What is the number of lines in the data that contain "kegiatan"? Nothing besides that number, please.

:::::

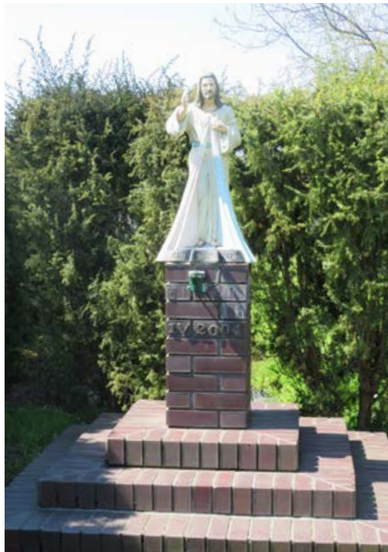
Lokalizacja: Olszewnica Stara, ul. Warszawska 48; Czas powstania: 2004 r.;

K apliczka murowana domkowa. Dach zwieńczony krzyżem żelaznym, promienistym, gałkowym. Wewnątrz m.in. figury Matki Bożej Niepokalanej i św. Jana Nepomucena.
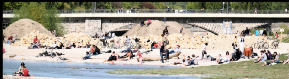
Reichenbachbrücke mit St. Maximilian vor und während der Renaturierungsarbeiten
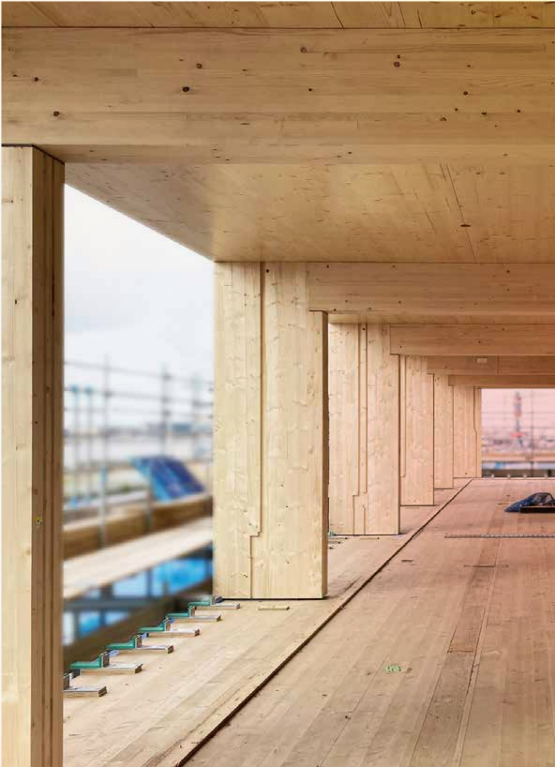
Stories, Amsterdam – hoogste houten hybride gebouw van Nederland Ontwerp: Olaf Gipser Architects – Opdrachtgever: BSH20A (CPO)
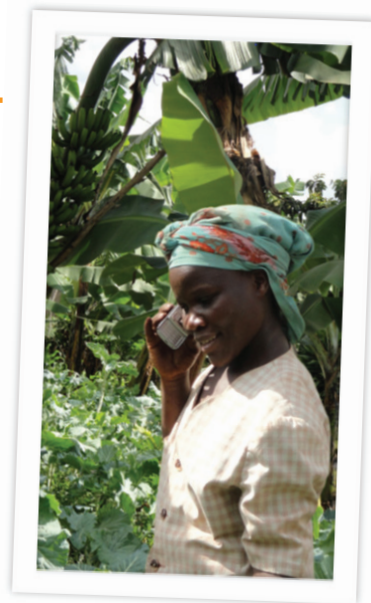
Grameen Foundation - Ouganda

Durant la discussion, les participants ont parlé des services qui font appel au TIC mis en œuvre par le secteur public, le secteur privé et dans le cadre de partenariats. Les avantages et difficultés des différents modèles ont été examinés, quelques conclusions sur ce qui était le plus approprié ont été tirées. Identifier et renforcer les structures existantes, telles que les systèmes publics de vulgarisation, semblent être essentiels pour la conception d'un modèle durable. Cependant, certains estiment que seul un modèle commercial mis en place par le secteur privé peut se révéler durable.
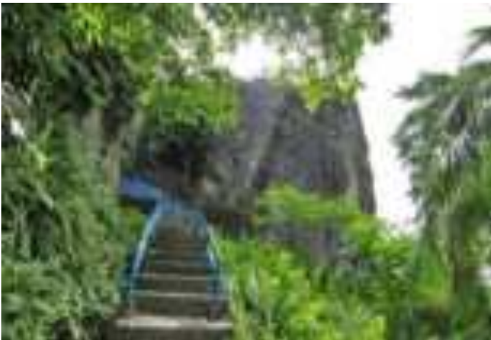
Gambar 6.2. Jalan Menuju Makam Siti Nurbaya

Sebelum sampai ke Taman dan Makam Siti Nurbaya, wisatawan dapat melewati Jembatan Siti Nurbaya yang mempesona mata pegunjung selain bersejarah tentunya. Pemerintah membangun jembatan yang menghubungkan Gunung Padang dan kota Padang kemudian menamainya sesuai judul roman yang legendaris itu, yaitu Jembatan Siti Nurbaya, sebagai bentuk penghargaan kepada penulisnya. Jembatan Siti Nurbaya ini banyak dikunjungi wisatawan. Jika berkunjung ke Padang rasanya tidak lengkap jika tidak menikmati keindahan kota Padang tanpa mengunjungi Jembatan Siti Nurbaya
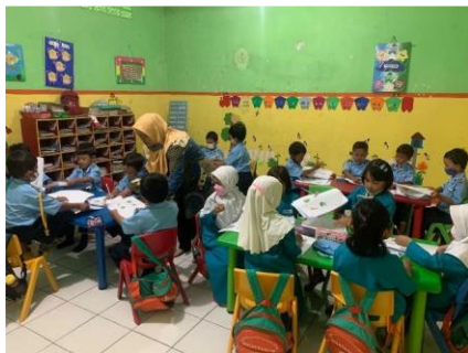
Gambar 2. Pelaksanaan kegiatan edukasi gizi di TK Islam Qolbus Salim

Kegiatan dilaksanakan selama satu hari dan berlangsung selama 90 menit. Berikut foto kegiatan yang telah dilaksanakan:
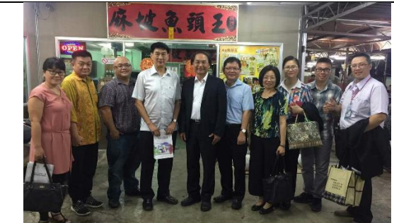
07/10 宴請柔佛及麻六甲地區獨中校長及校友，向與會嘉賓介紹本校各項入學管道。
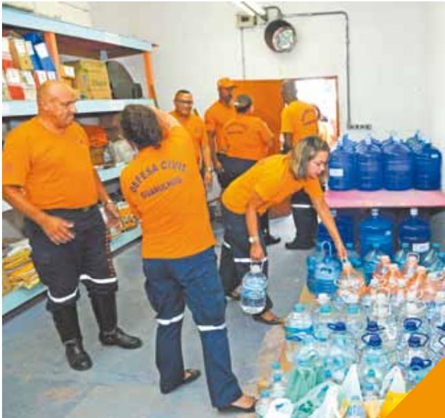
FÁBIO NUNES TEIXEIRA / PMG

Lançamento tem previsão inicial de ocorrer no dia 14
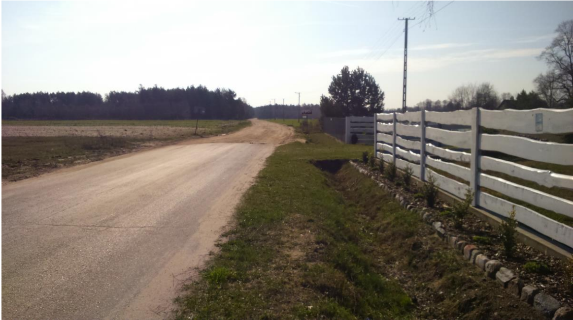
Zdjęcie 1 Istniejąca droga powiatowa nr 4328W o naw. asf. - początek inwestycji.

Obsługa przyległego terenu odbywa się przez zjazdy bezpośrednie.
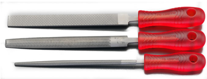
平・半丸・丸3本セット
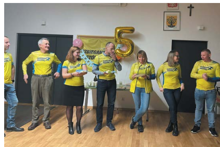
fol. Rozbiegany Piastów (archiwum prywatne)
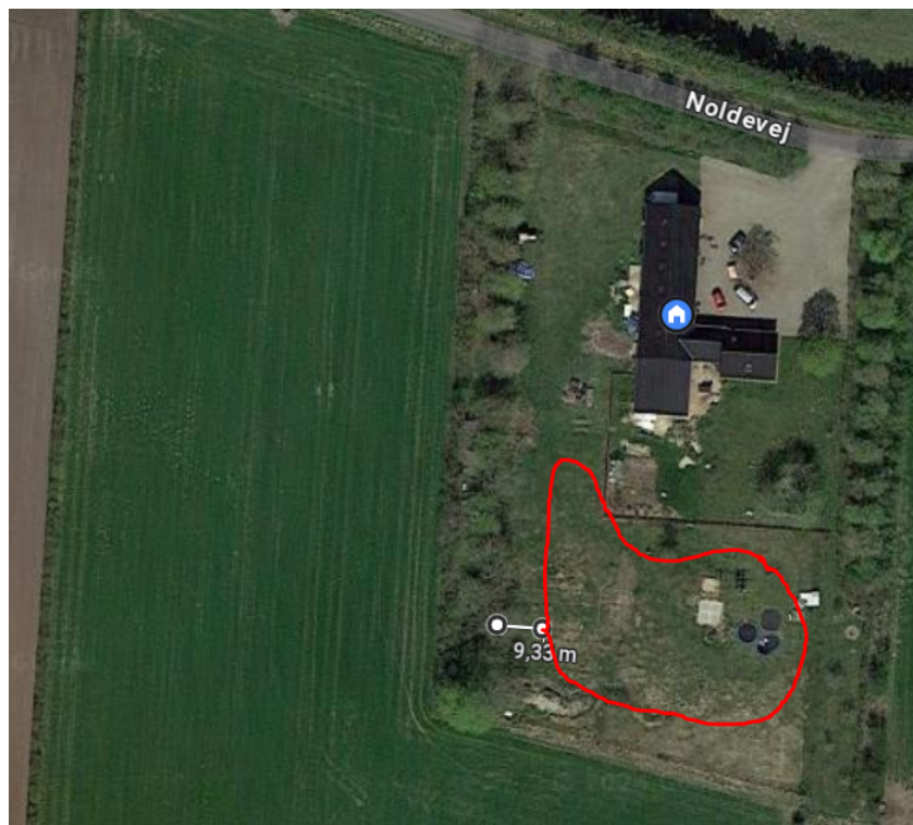
Figur 4. Kort fra ansøgningsmaterialet, der viser søens ca. placering.
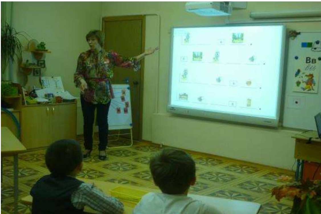
10. Итог занятия.
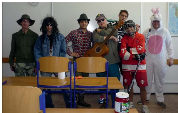
Poslední zvonění před „svatým týdnem“ a pak...

Další částí maturitní zkoušky byla tolik obávaná státní matura . Matematiku si zvolilo 17 studentů, angličtinu 14 studentů a s českým jazykem se museli „popasovat“ všichni. K naší velké radosti dopadla tato část pro naše studenty velice dobře.

:::::

SOLUTION BELOW: 2